# Audio Legion; Who We Are - What We Do



## Audio Legion Team

We're stoked to finally be a part of the diymobileaudio community!

Audio Legion is based in Tampa, FL and has been around for about 5 years (if you remember the old FSD Audio amps, that was us).
We have a small team here that is dedicated to offering a wide product lineup where quality is the ultimate goal.

Over the coming months we'll be revamping some of our products to better fit our customers wants and needs. Keep an eye out, we'll be posting often asking for your opinion on new designs. We threw in a couple pictures of our customer's builds to show you guys what we can do. Give us your honest opinion, good or bad, and we'll strive to deliver the best speaker, subwoofer, amplifier, etc. at the best price.

- Matt


----------



## Theslaking

A subwoofer that has...

Low mounting depth, high x-mech, handles 700w, workss well IB, weather resistant, push terminals, plays cleanly to 300hz, under $200.
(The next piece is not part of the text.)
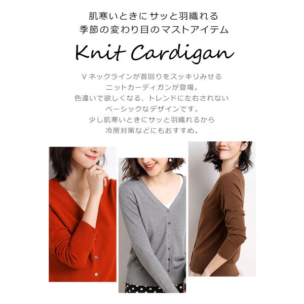 Vネックラインが首周りをスッキリみせるニットカーディガン。色違いで欲しくなる、トレンドに左右されないベーシックデザインのニットカーディガンです。少し肌寒い時にサッと羽織れるから、夏の冷房対策にもオススメのニットカーディガンです。

An 8ch amp with full wireless capability, built in DSP, digital input, 75x4 and 300x4 bridgeable

To much to ask?


----------



## Ge0

Piezo super tweeters.

Ge0


----------



## Audio Legion Team

Theslaking said:


> A subwoofer that has...
> 
> Low mounting depth, high x-mech, handles 700w, workss well IB, weather resistant, push terminals, plays cleanly to 300hz, under $200.
> 
> An 8ch amp with full wireless capability, built in DSP, digital input, 75x4 and 300x4 bridgeable
> 
> To much to ask?


Not when its Theslaking asking... we are working on it just for you 😉


----------



## DoubleCrown

Ge0 said:


> Piezo super tweeters.
> 
> Ge0


Lol


----------



## Sam Spade

@Fish Chris 2 

Right up your alley Chris


----------



## Fish Chris 2

Looks like fun stuff


----------